SA3 fashions don’t use classifier-free steering (CFG) at inference. CFG high quality positive aspects are internalized throughout distillation warmup coaching.
Key Takeaways
- Stable Audio 3 is a household of open-weight latent diffusion fashions (small, medium, giant) for music and sound results era and enhancing.
- A SAME autoencoder with 4096× downsampling compresses audio into 256-dimensional latents at ~10.76 Hz, making long-form era tractable on shopper {hardware}.
- Variable-length era is natively supported: inference price scales with requested period, not a set most size.
- Three-stage coaching (stream matching → distillation warmup → adversarial post-training) permits 8-step inference with out classifier-free steering.
- Prompt prefixes (
"TrackType: Music, VocalType: Instrumental,"/"TrackType: SFX,") are required for AudioSparx-trained mannequin variants.

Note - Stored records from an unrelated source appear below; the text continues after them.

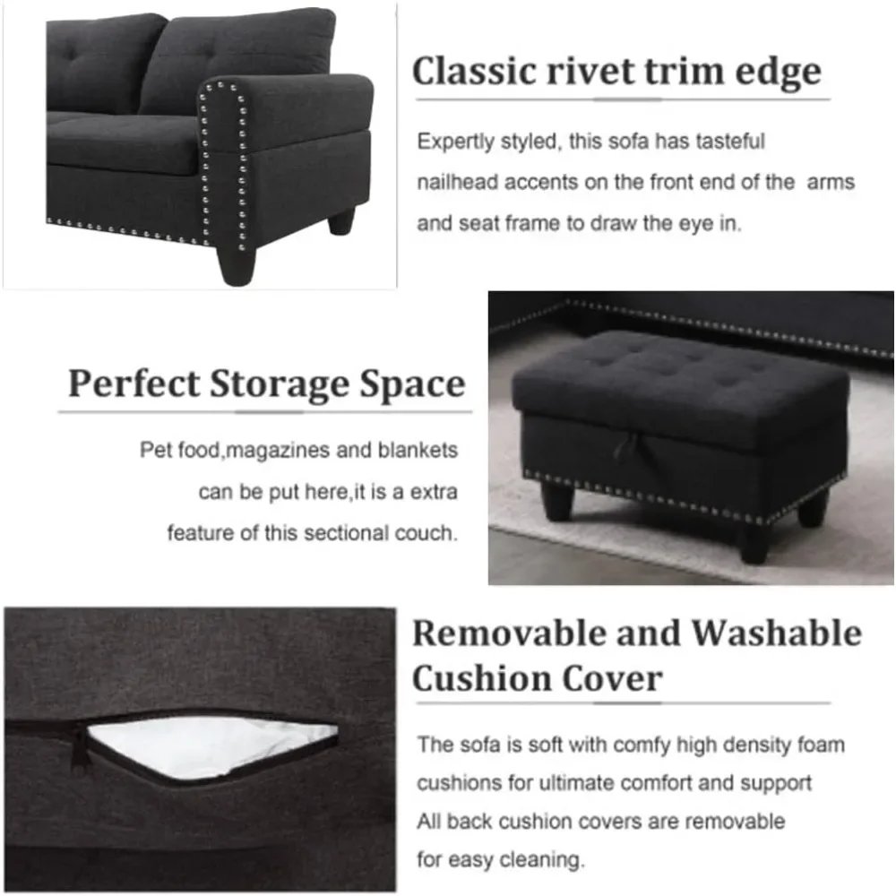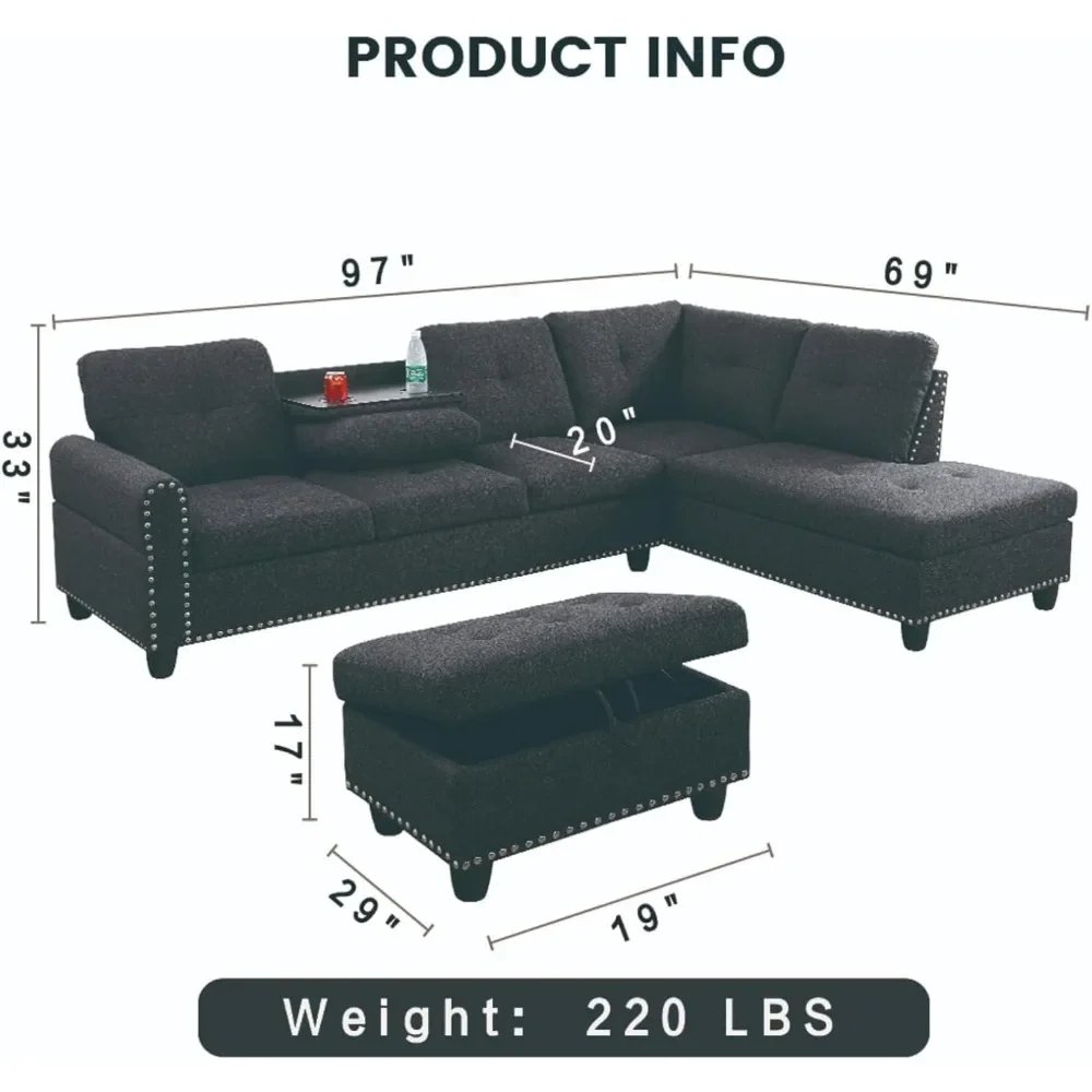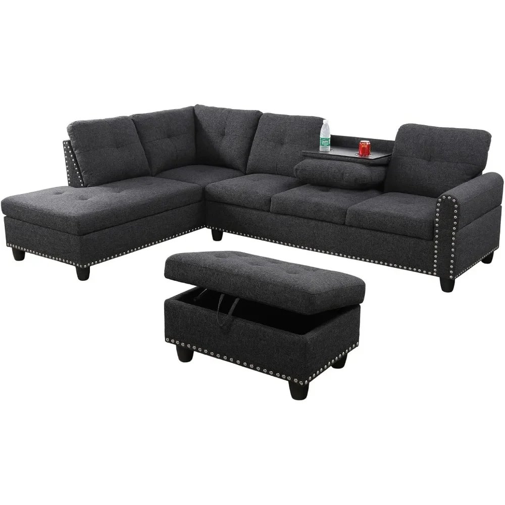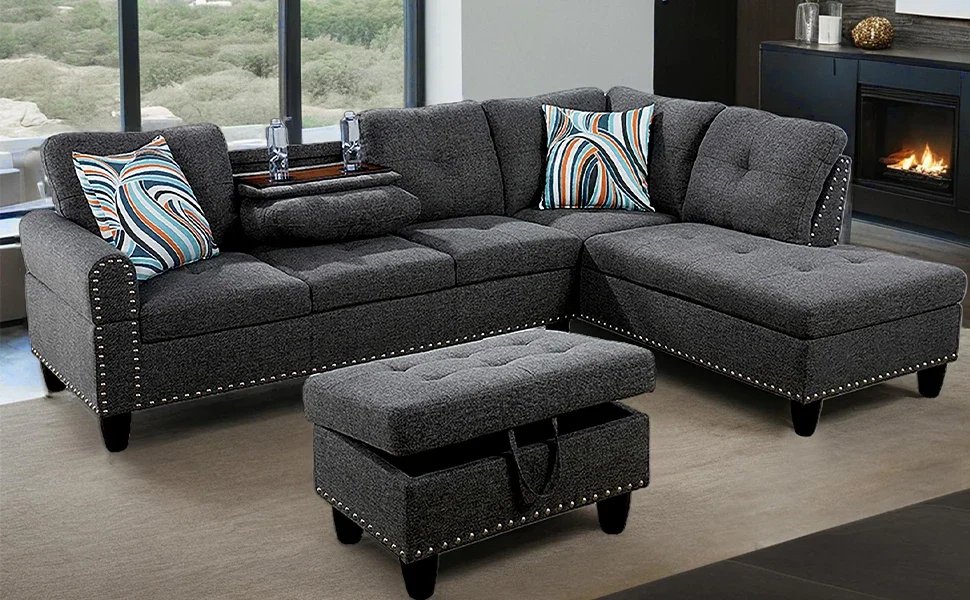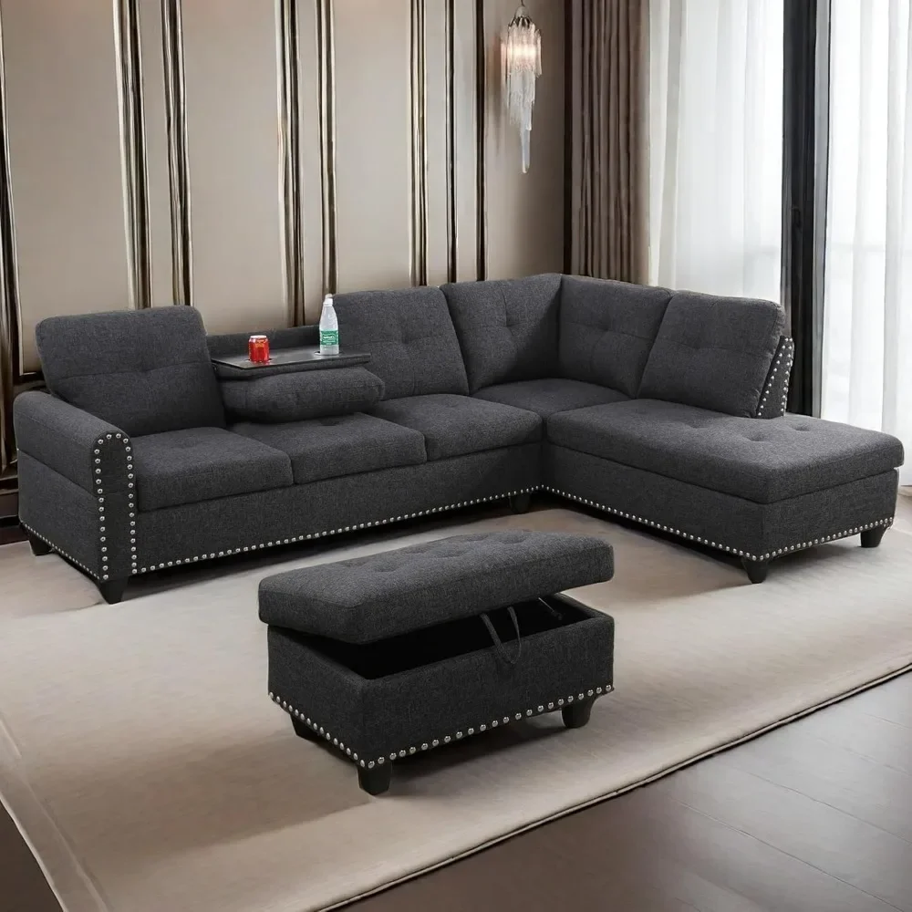 Sectional Sofa with Ottoman Nail-Head Design Linen Right Facing Modern Couches with Cup Holder L Shaped Sectional Sofa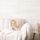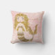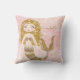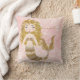 "Blonde Mermaid, Pink and Gold Glitter, Baby Girl Shower script name Throw Pillow." Chic, elegant and fun design with glitter cute Mermaid over a gold sparkling modern shimmer background. Graphically designed by internationally licensed artist, Audrey Jeanne Roberts, copyright.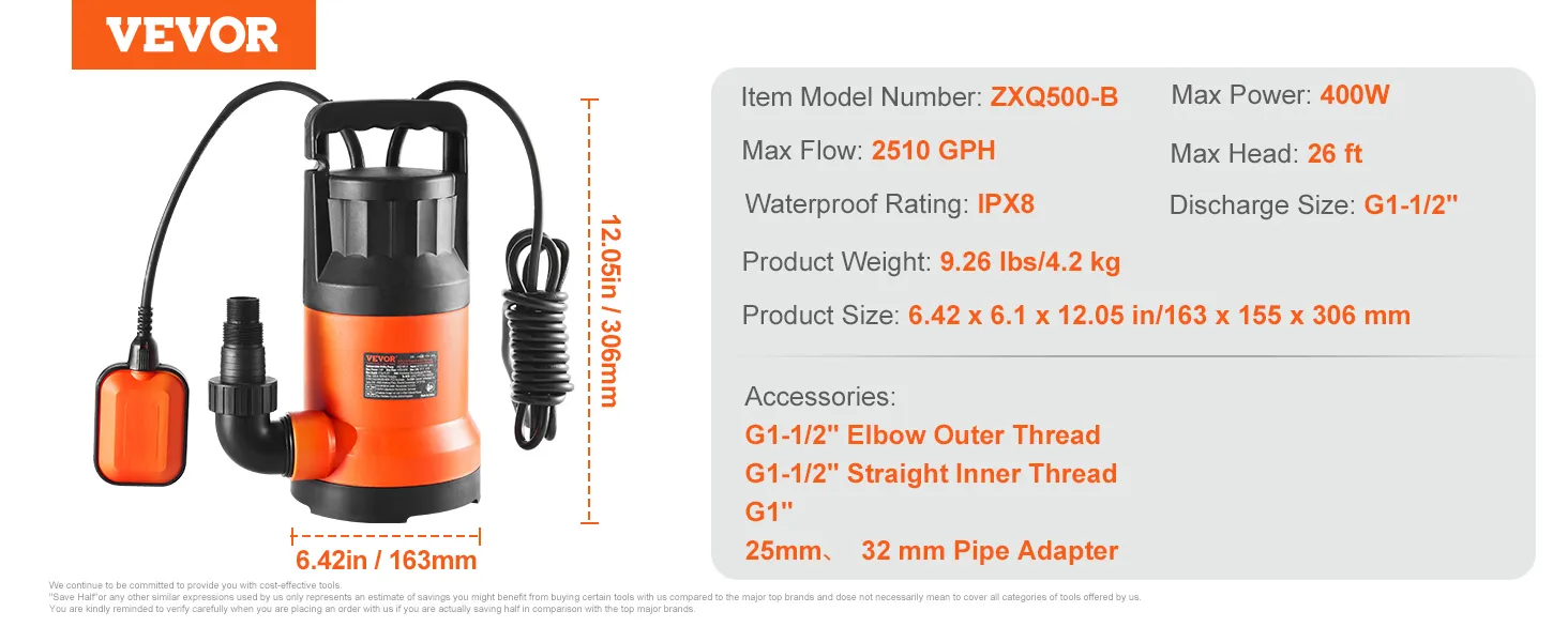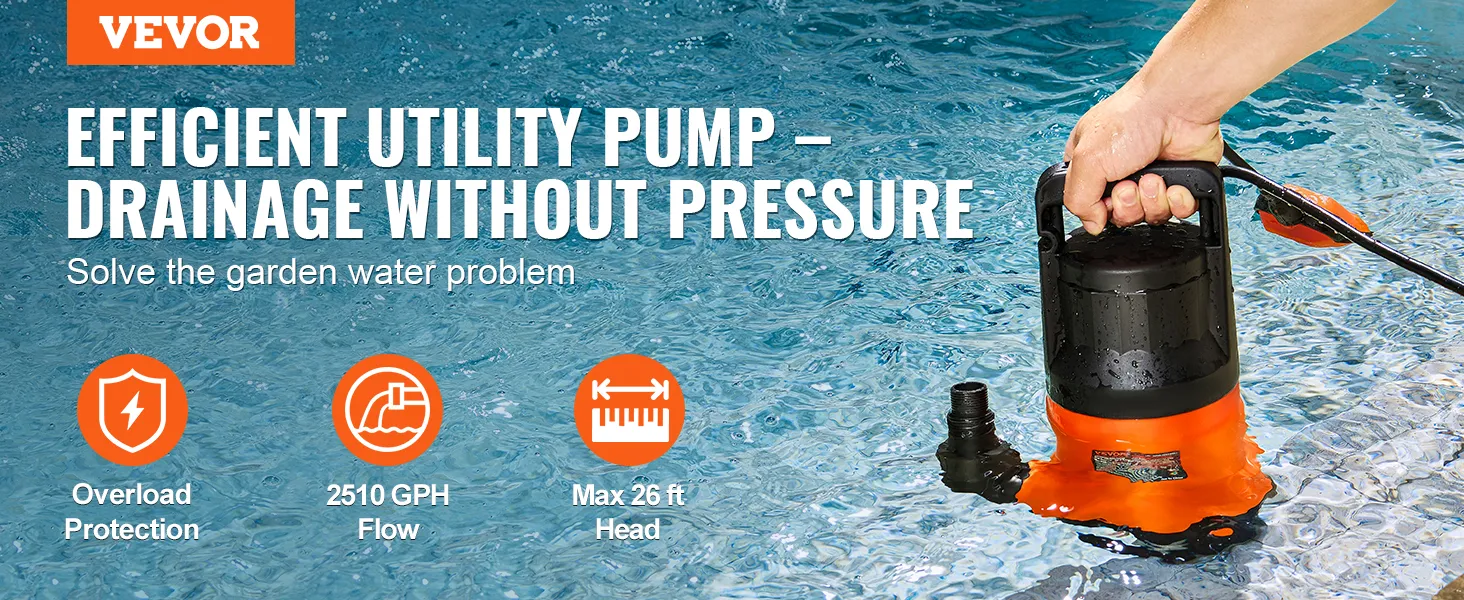 VEVOR Submersible Utility Pump – Keep Your Yard Dry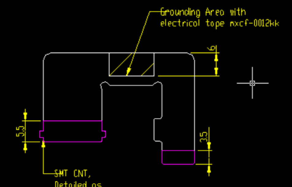 為了考慮ESD或其他需求,結(jié)構(gòu)工程師會(huì)要求在FPC上某些地方添加漏銅區(qū),如下圖所示,這些漏銅是沒有焊接需求的,所以在設(shè)計(jì)時(shí)不需要開鋼網(wǎng)。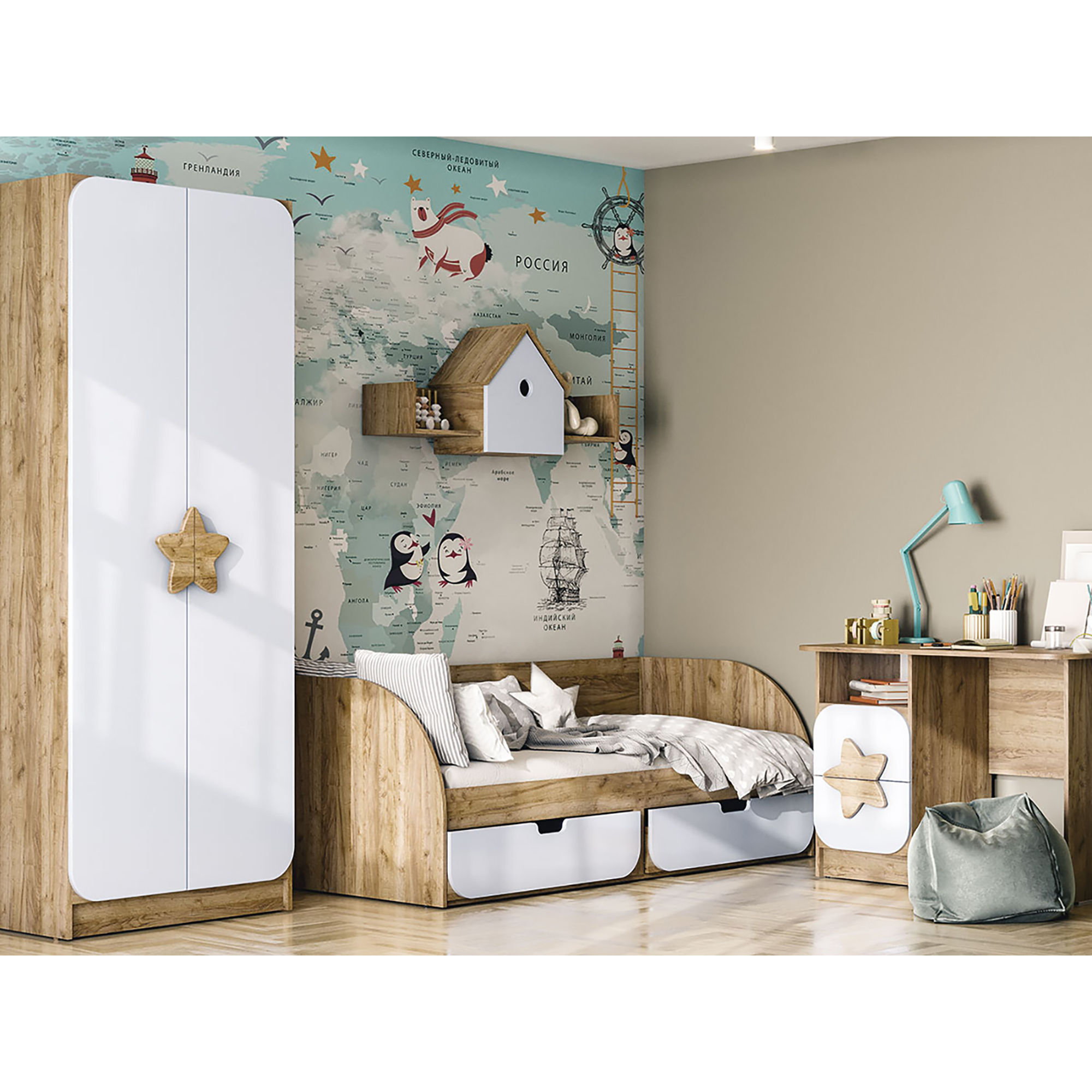 - Отличительный элемент дизайна – настенные полки, стилизованные под скворечник, и округлые формы фасадов.
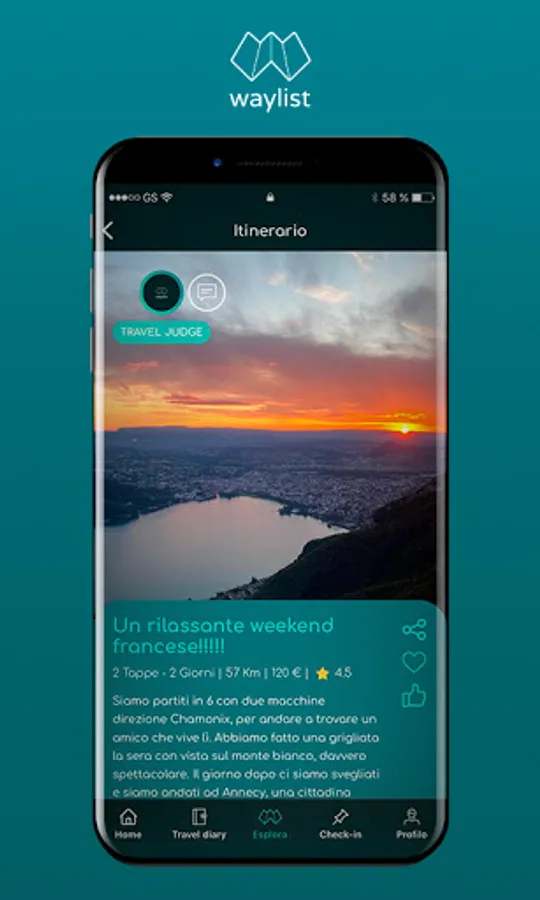 The first search engine for travel itineraries. A vast database of destinations, routes and tourist destinations tailored for you according to your needs, your budget, the period and the activities you love the most, available from all your devices. You will also be able to tell about your travels and make them available to the whole community, earning credits that you can convert into discounts for extraordinary travel experiences.

Check out the Paper, Model Weights and Repo here. Also, be happy to observe us on Twitter and don’t neglect to affix our 150k+ ML SubReddit and Subscribe to our Newsletter. Wait! are you on telegram? now you can join us on telegram as well.
Need to accomplice with us for selling your GitHub Repo OR Hugging Face Page OR Product Release OR Webinar and so forth.? Connect with us
The put up Stability AI Releases Stable Audio 3: A Family of Fast Latent Diffusion Models for Audio Generation and Editing appeared first on MarkTechPost.